■ **Data section**

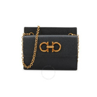 Ferragamo Ladies Wallets. SKU: 220413758545. Barcode: 8057553986864. Color: Black. Size: 4.5"W x 3.75"H x 1.25"D. Ferragamo Gancini Credit Card Holder. Made from leather, this card holder features a snap-button closure, gold-tone hardware, two card slots, and is updated with a bold gold-tone chain. Removable goldtone strap, 20" drop. Made in Italy. GENERAL Size Info: 4.5"W x 3.75"H x 1.25"D Color: Black INFORMATION Brand: Ferragamo Gender: Womens Model: 220413758545 DETAILS Material: Leather Closure: Flap ADDITIONAL INFO UPC Code: 8057553986864 Jomashop Sku: Z-M8BY9 Department: Bags Category: Wallets
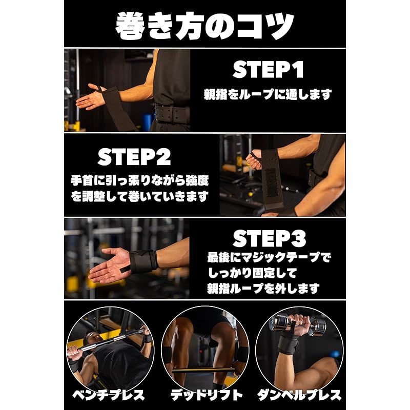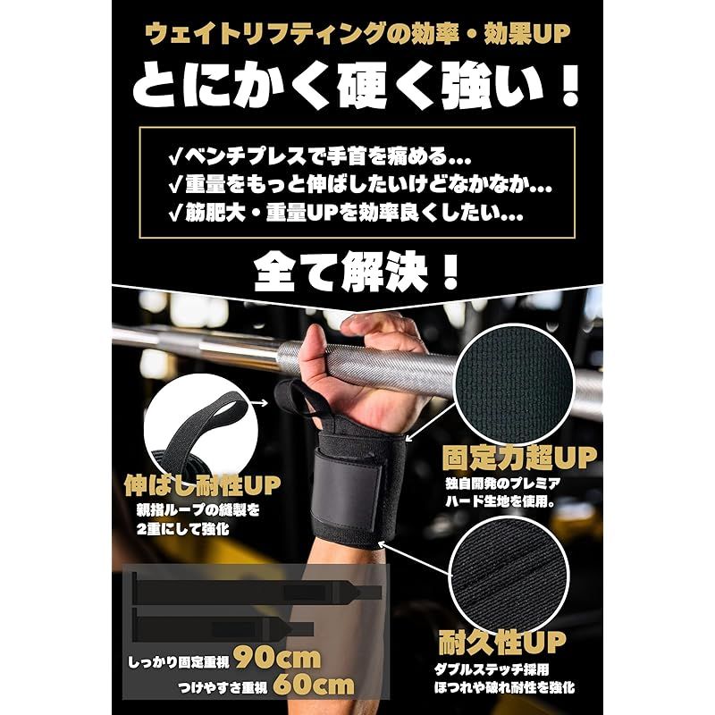 商品名:FITPEAK リストラップ 筋トレ【独自開発の極硬生地で手首サポート】手首 サポーター ベンチプレス ウェイト トレーニング 高重量対応 ブラック 60cm
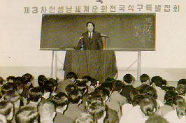 * Reverend Moon speaking at the Special Celebration attended by all members held in honor of their Return to Korea after the Third World Tour
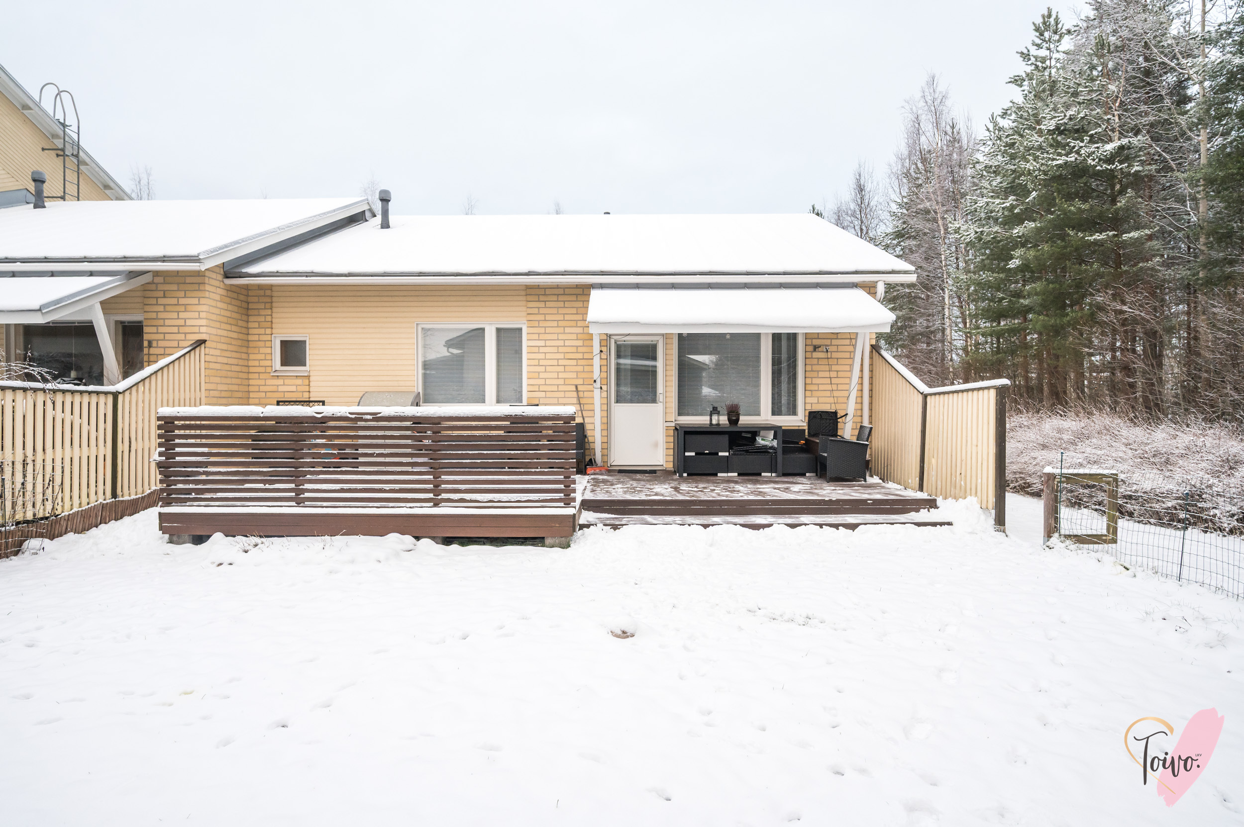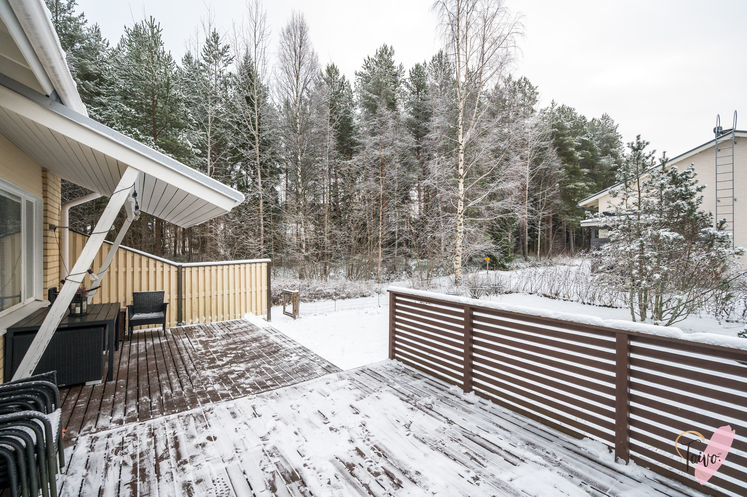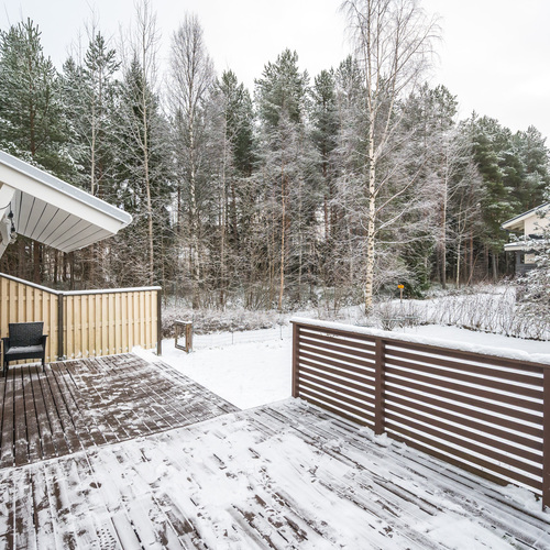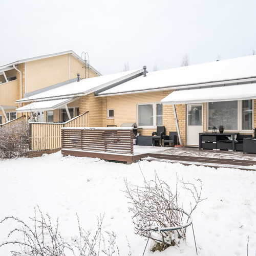 Olohuoneessa huomio kiinnittyy viistoon, korkeaan kattoon, joka antaa tilalle ilmavuutta ja avaruutta. Olohuoneesta on kulku kodin kolmanteen makuuhuoneeseen sekä toiselta puolelta tilaa suoraan takapihalle, jossa on tilava ja laajennettu terassi, sekä oma pieni piha-alue, joka kutsuu viettämään aikaa ulkona. Piha on loistava niin lasten leikkeihin kuin aikuisen rentoutumishetkiin.

■ **Problem description**
Please output the full listing above exactly, minus any pictures.

■ **Answer for the task**
 Ferragamo Ladies Wallets. SKU: 220413758545. Barcode: 8057553986864. Color: Black. Size: 4.5"W x 3.75"H x 1.25"D. Ferragamo Gancini Credit Card Holder. Made from leather, this card holder features a snap-button closure, gold-tone hardware, two card slots, and is updated with a bold gold-tone chain. Removable goldtone strap, 20" drop. Made in Italy. GENERAL Size Info: 4.5"W x 3.75"H x 1.25"D Color: Black INFORMATION Brand: Ferragamo Gender: Womens Model: 220413758545 DETAILS Material: Leather Closure: Flap ADDITIONAL INFO UPC Code: 8057553986864 Jomashop Sku: Z-M8BY9 Department: Bags Category: Wallets
 商品名:FITPEAK リストラップ 筋トレ【独自開発の極硬生地で手首サポート】手首 サポーター ベンチプレス ウェイト トレーニング 高重量対応 ブラック 60cm
 * Reverend Moon speaking at the Special Celebration attended by all members held in honor of their Return to Korea after the Third World Tour
 Olohuoneessa huomio kiinnittyy viistoon, korkeaan kattoon, joka antaa tilalle ilmavuutta ja avaruutta. Olohuoneesta on kulku kodin kolmanteen makuuhuoneeseen sekä toiselta puolelta tilaa suoraan takapihalle, jossa on tilava ja laajennettu terassi, sekä oma pieni piha-alue, joka kutsuu viettämään aikaa ulkona. Piha on loistava niin lasten leikkeihin kuin aikuisen rentoutumishetkiin.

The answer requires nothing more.